Notes for HTML techniques: forms from Martin Duerst on 2003-03-02 (public-i18n-geo@w3.org from March 2003)

From: Martin Duerst <duerst@w3.org>
Date: Sat, 01 Mar 2003 21:03:25 -0500
To: public-i18n-geo@w3.org
Message-ID: <1057787663.IAA22192@phantom.w3.org>
Hello Richard, others,

Here are some notes for "Dealing with character sets & encodings",
currently 13.4, but I think this should become 13.1. There are
many things that potentially may be added, and quite a few things
that we may want to check.

The structure should be more or less obvious from the indenting
and the subtitles. I have choosen to just create my own,
problem-oriented structure. Let's see how well this fits
with the overall structures we already have.

Regards,    Martin.


Character Encodings in Forms
============================

Background:

Making sure that the data that comes back from a Web form is
in a known encoding is extremely important for the correct
working of Web forms. Before 4th-generation user agents, there
was a lot of undefined and accidental behavior. As of 4th-generation
and later user agents, the rule is to send back form data in the
encoding that the document was interpreted by the browser.
This is not very well described in HTML4, it mainly appears in the
sentence "The default value for this attribute is the reserved
string "UNKNOWN". User agents may interpret this value as the
character encoding that was used to transmit the document
containing this FORM element." in the description of the
(rarely used and not widely implemented?) accept-charset attribute
(see http://www.w3.org/TR/REC-html40/interact/forms.html#adef-accept-charset).

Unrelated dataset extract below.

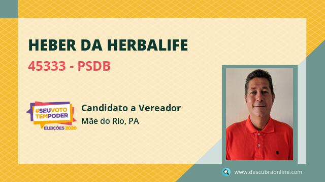 Candidato do PSDB para Vereador, Heber da Herbalife obteve 286 votos e está como Suplente Vereador em Mãe do Rio nas Eleições 2020.

??? say something about method='POST' (vs. GET), and
enctype='multipart/form-data' (vs. application/x-www-form-urlencoded).

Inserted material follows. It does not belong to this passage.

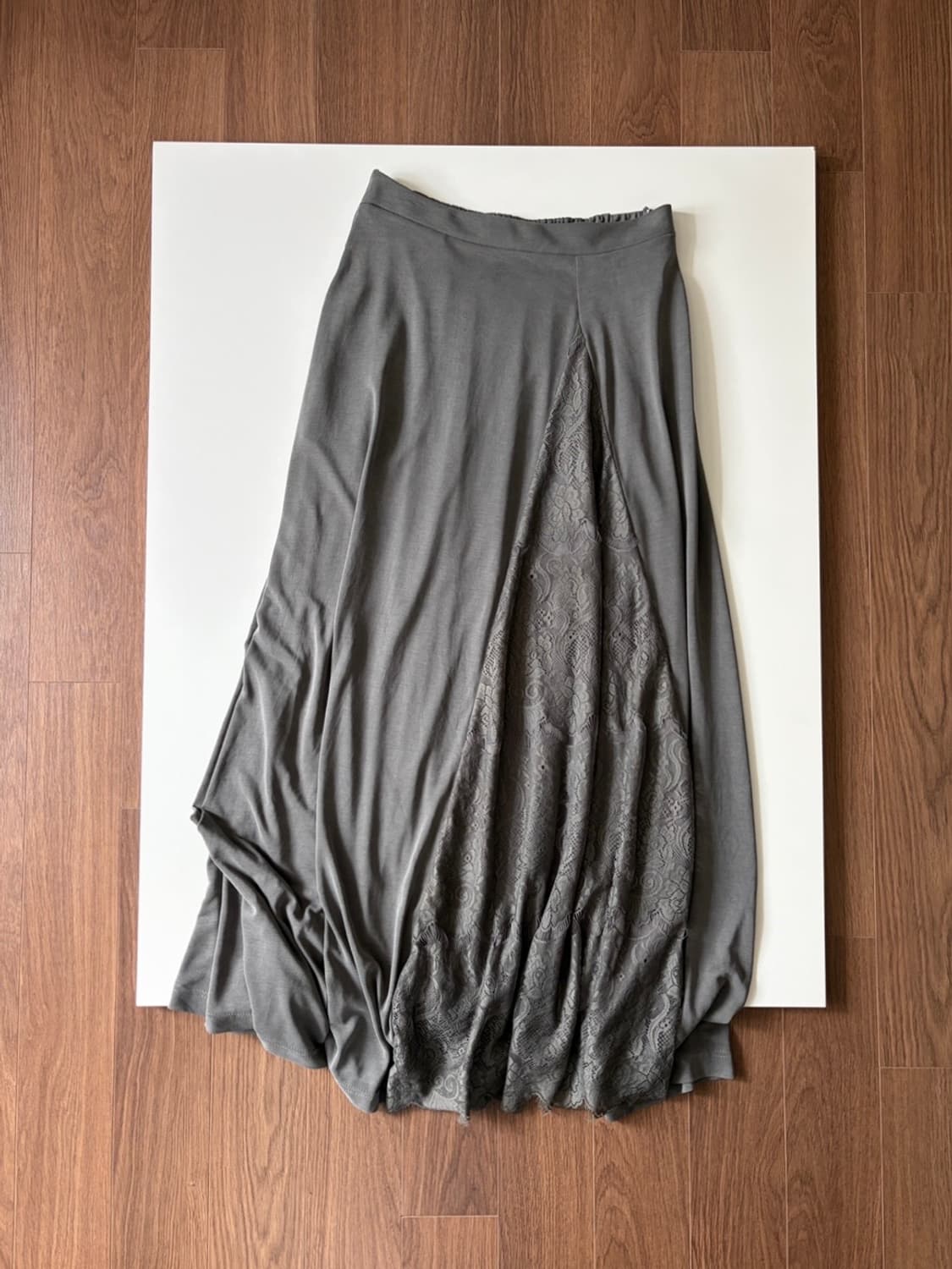 [color] olive gray [size] os [fabric] 모달 75% 폴리에스테르 25% [measurement] 허리(뒷밴딩) 33.5-40 총장 98 [model size] 165 / s-m * 매트한 표면감, 부드러운 촉감, 오묘한 광택감이 흐르는 소재감 * 오묘한 올리브 빛 그레이 컬러감 * 태그, 포켓 첨부 * 허리 뒷 밴딩 부분 미세 핀홀이 있는 컨디션(사진 참고)

The major alternatives are (choose one per site, or at least
per form handler (the URI in the action attribute of the <form>
element)):

1. Use UTF-8 throughout

    advantages:
        - Allows to use the same form handler for forms in many different 
languages.
        - Does not limit set of characters that can be input and transmitted.
        - Allows form request URIs to be displayed as IRIs.
        - Allows form to be converted to XForms (which requires UTF-8 for
          GET requests) without changing form handler.

    subtechnique: check that what you got back is really UTF-8
       Although extremely rare, there may still be accidentally
       very old user agents out there that mess things up. Also,
       for whatever reason, the user might accidentally have
       forced the user agent to use a different encoding.
       It is therefore helpful to check that the data that comes
       back in from the form is really UTF-8. This can be done
       by checking the byte pattern of the data.
       (background reading: The Properties and Promizes of UTF-8, M.J. Du"rst,
        11th International Unicode Conference -1- San Jose, September 1997,
        http://www.ifi.unizh.ch/mml/mduerst/papers/PDF/IUC11-UTF-8.pdf)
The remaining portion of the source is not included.